Earth System Physics, The Abdus Salam International Centre for Theoretical Physics (ICTP), Strada Costiera 11, Trieste, Italy.
International Research Institute for Climate and Society, Lamont-Doherty Earth Observatory, Columbia University, Palisades, New York, United States of America.
PLoS One. 2018 Sep 26;13(9):e0200638. doi: 10.1371/journal.pone.0200638. eCollection 2018.

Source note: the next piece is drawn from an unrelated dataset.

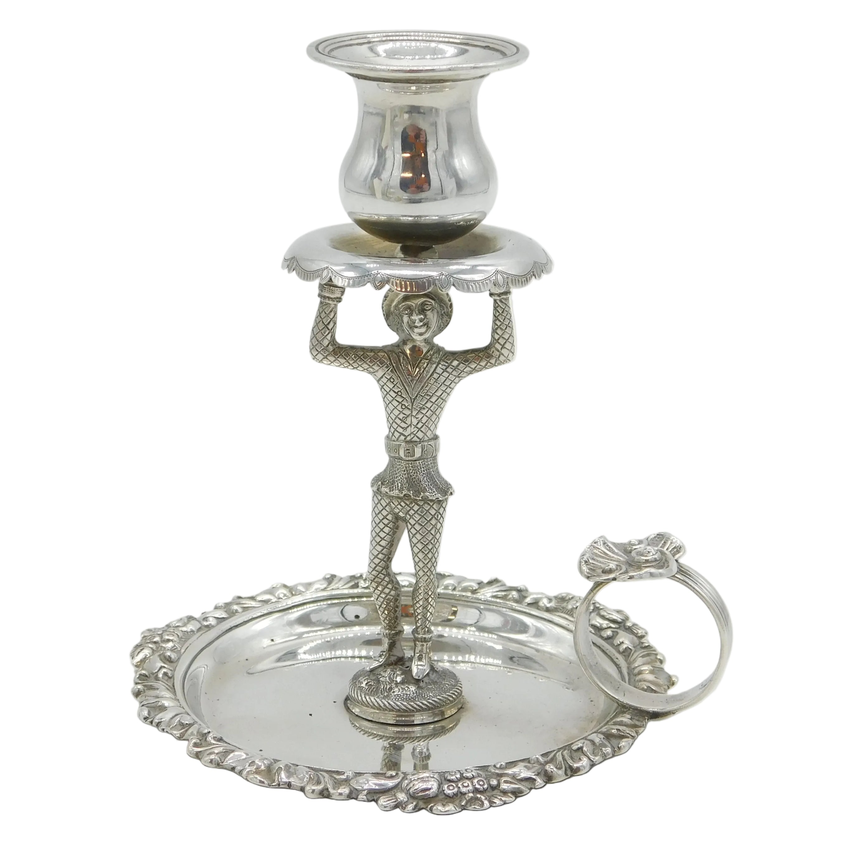 William IV Sterling Silver Novelty Harlequin Candle Taperstick Antique London

In this study, experiments are conducted to gauge the relative importance of model, initial condition, and driving climate uncertainty for simulations of malaria transmission at a highland plantation in Kericho, Kenya. A genetic algorithm calibrates each of these three factors within their assessed prior uncertainty in turn to see which allows the best fit to a timeseries of confirmed cases. It is shown that for high altitude locations close to the threshold for transmission, the spatial representativeness uncertainty for climate, in particular temperature, dominates the uncertainty due to model parameter settings. Initial condition uncertainty plays little role after the first two years, and is thus important in the early warning system context, but negligible for decadal and climate change investigations. Thus, while reducing uncertainty in the model parameters would improve the quality of the simulations, the uncertainty in the temperature driving data is critical. It is emphasized that this result is a function of the mean climate of the location itself, and it is shown that model uncertainty would be relatively more important at warmer, lower altitude locations.
在这项研究中,进行了实验以衡量模型、初始条件和驱动气候不确定性对于肯尼亚肯尼亚克里乔高地种植园疟疾传播模拟的相对重要性。遗传算法依次在其评估的先验不确定性范围内校准这三个因素中的每一个,以确定哪个因素最适合确诊病例的时间序列。结果表明,对于接近传播阈值的高海拔地区,气候(特别是温度)的空间代表性不确定性主导了由于模型参数设置引起的不确定性。初始条件不确定性在最初两年后几乎没有作用,因此在预警系统中很重要,但在年代际和气候变化研究中则可以忽略不计。因此,虽然减少模型参数的不确定性会提高模拟的质量,但驱动数据的温度不确定性至关重要。需要强调的是,这一结果是该地点平均气候的函数,并且表明在较温暖、海拔较低的地点,模型不确定性将相对更为重要。